Despite overseeing an industry that includes machine guns and other deadly weapons, ATF regulations for the manufacture of weapons are often unclear, leading to reliance on a secretive system by which firearms manufacturers cansubmit proposed weapons for testing and find out one at a time whether they comply with the law, critics say.

The ATF recommends that manufacturers voluntarily submit weapons for case-by-case determination. But those judgments are private and, it turns out, sometimes contradictory. Critics say nearly identical prototypes can be approved for one manufacturer but denied for another.

See, when the ATF gnomes send a puff of smoke up the chimney, designating a gun as either legal or verboten, they won’t let anyone else know about it. So other gunmakers can’t base future designs on existing rulings. If another company comes up with a similar design, the only way to find out if it’s likely to be legal is to roll the dice, produce a prototype and pray to the regulatory gods that the ATF be consistent. If the sheep entrails arrange in their favor, maybe the ATF will give them the go-ahead.

But even then that doesn’t mean they’re good to go. Because, like your high school girlfriend, the ATF reserves the right to change it’s collective mind. For no apparent reason. Just ask Bill Akins.

Bill Akins, a Florida inventor, said the ATF initially approved his Akins Accelerator to increase the firing speed of semi-automatic rifles to simulate fully automatics, but later ruled the device illegal — leaving him with $500,000 worth of useless inventory.

But a similar product, the Slide Fire stock is perfectly legal. Go figure.
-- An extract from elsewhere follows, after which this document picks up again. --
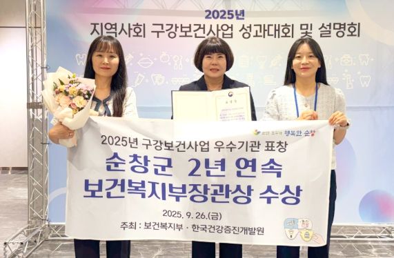 [비건뉴스=최지영 수습기자] 순창군이 전국 지방자치단체를 대상으로 열린 ‘2025년 구강보건사업 성과대회’에서 우수기관으로 선정돼 보건복지부 장관 표창을 수상했다.

And then there are the instances that can only be classified as downright surreal.

(Former ATF official Robert E. Sanders) noted that ATF once issued a letter ruling saying a 14-inch shoestring was a machine gun because it could be used to convert a semi-automatic rifle into an automatic weapon. The letter was later rescinded.

Maybe the ATF only wanted to extend it’s regulatory reach over local cobblers and shoe stores with that one. Thwarted again!

Laws to force the ATF to video tape its testing process have been proposed but haven’t gotten anywhere.

Larry Keane, general counsel for the National Shooting Sports Foundation, said letter rulings can be “all over the map,” particularly on the point in the manufacturing process when a piece of metal becomes a firearm subject to federal law.

He said the rulings are determined on “an ad hoc basis” and that it is nearly impossible to comply with the law with no clear definition from the ATF and varying interpretations from the courts.

“It is unfair for ATF to hold individuals to a standard that they cannot articulate themselves,” he said.

All of which is true. Sort of. it’s not that the ATF can’t articulate themselves, only that it doesn’t really want to. If gunmakers know what is and what isn’t “allowable”, they won’t need the ATF and their steenkin’ badges for letter rulings. They’d just design their firearms to be compliant and go from there. They’d also have something to hang their hat on in court if the ATF rules one illegal.

No, as far as the ATF is concerned it’s much more advantageous to keep the poor rubes guessing. Better to be arbitrary and unfathomable. That way they can make it up as they go along. All of which means more work – and more control – for the ever-expanding bureaucracy.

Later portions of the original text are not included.